The task of miking an acoustic piano is never easy and the issue only compounds itself when it comes to live sound reinforcement. Duct tape never seems to hold throughout the performance while mic stands get bumped and, in the process, so does the piano sound. Add in ambient noise from the crowd, stage, and surrounding instruments and, from there, it’s frequently a downhill slide. That’s precisely why Andrew McMahon, pianist and lead vocalist for Jack’s Mannequin, relies on the Earthworks PM40 PianoMic™ System to capture the true essence of his piano sound.
Originally hailing from Orange County, California, Jack’s Mannequin is a rock band that was formed in 2004. The band began as a side project of Something Corporate frontman Andrew McMahon, and comprises guitarist Bobby Anderson, bassist Jon Sullivan, and drummer Jay McMillan. Having recently finished a headlining tour in the United States as well as a few one-offs, the band recently made stops in Kingston, RI, Oneonta, NY, and Kutztown, PA. Further, McMahon continues his activities with Something Corporate, with whom he performed at the Bamboozle East in East Rutherford, NJ, Bamboozle Midwest in Chicago, IL, in addition to a solo appearance at the Hoodwink Festival, also in East Rutherford, NJ.

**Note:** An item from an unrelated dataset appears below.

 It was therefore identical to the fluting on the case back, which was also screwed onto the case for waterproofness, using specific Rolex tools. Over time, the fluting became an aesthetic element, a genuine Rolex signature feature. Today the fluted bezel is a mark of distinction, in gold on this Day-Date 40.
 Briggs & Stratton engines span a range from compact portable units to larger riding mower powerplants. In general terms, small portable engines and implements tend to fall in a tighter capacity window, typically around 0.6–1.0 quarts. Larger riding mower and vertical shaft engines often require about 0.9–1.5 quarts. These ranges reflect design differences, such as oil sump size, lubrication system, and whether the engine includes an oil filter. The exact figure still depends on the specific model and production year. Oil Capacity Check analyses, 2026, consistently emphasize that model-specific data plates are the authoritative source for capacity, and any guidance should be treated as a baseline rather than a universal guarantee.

With a schedule this hectic, McMahon was searching for a means of miking the piano that would provide greater consistency of sound while being easy to implement. Since February, when he started using the PM40, the challenge of getting the right piano sound has become far more manageable. “I’ve been traveling with uprights and grand pianos for nearly ten years,” McMahon said. “It has always been a struggle to find quality miking solutions for the piano—especially considering regular nightclub gigs where the backline (supporting instruments/equipment) tends to be fairly close to the piano.”
In addition to a vastly improved sound that evenly presents the piano from the lower octaves all the way through the highest notes, McMahon reports that the PM40’s specially designed telescoping bar, which spans the piano over the strings and is supported at the ends by the piano case, beats anything else he previously encountered. “The ease of installation is huge.” he says. “The PM40’s ability to really capture the true nature of the piano is without equal.”

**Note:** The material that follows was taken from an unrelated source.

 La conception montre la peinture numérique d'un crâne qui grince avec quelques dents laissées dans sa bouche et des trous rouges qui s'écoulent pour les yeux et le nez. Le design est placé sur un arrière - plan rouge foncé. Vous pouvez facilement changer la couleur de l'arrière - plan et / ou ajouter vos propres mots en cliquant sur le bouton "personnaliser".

McMahon’s piano sound is unique and is not easily duplicated, as he explained. “We use a combination of miking elements as well as MIDI to create the entire piano sound,” McMahon reports. “With that said, it was the final addition of the Earthworks PM40 that really left me and my sound crew feeling like we’d finally tamed the beast!”

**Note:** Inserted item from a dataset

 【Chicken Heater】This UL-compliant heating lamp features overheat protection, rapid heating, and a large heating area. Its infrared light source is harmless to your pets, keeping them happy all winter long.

In addition to his enthusiasm for the PM40, McMahon’s front of house engineer—known affectionately as Quake— was also complimentary of Earthwork’s PM40 PianoMic™ System. “The fact that the PM40 really doesn’t require tech support may be the best compliment of all,” Quake notes. “The system couldn’t be easier to install and, once you angle the two mics the way you want them, you’re pretty much done. If you want, you can close the lid for better isolation and, if you need to move the piano around on stage, you don’t have to mess around re-positioning mic—stands because there are none. The PM40 is a great sounding, easy-to-use piano miking system that never gets in the way.”
As he prepared for his next performance, McMahon shared one final thought about the Earthworks PM40. “The addition of the PM40 to my piano sound has, without a doubt, solved so many of the problems that my sound team and I have battled for years on the road. It’s so nice to hit the stage knowing that my sound will be consistent and true.”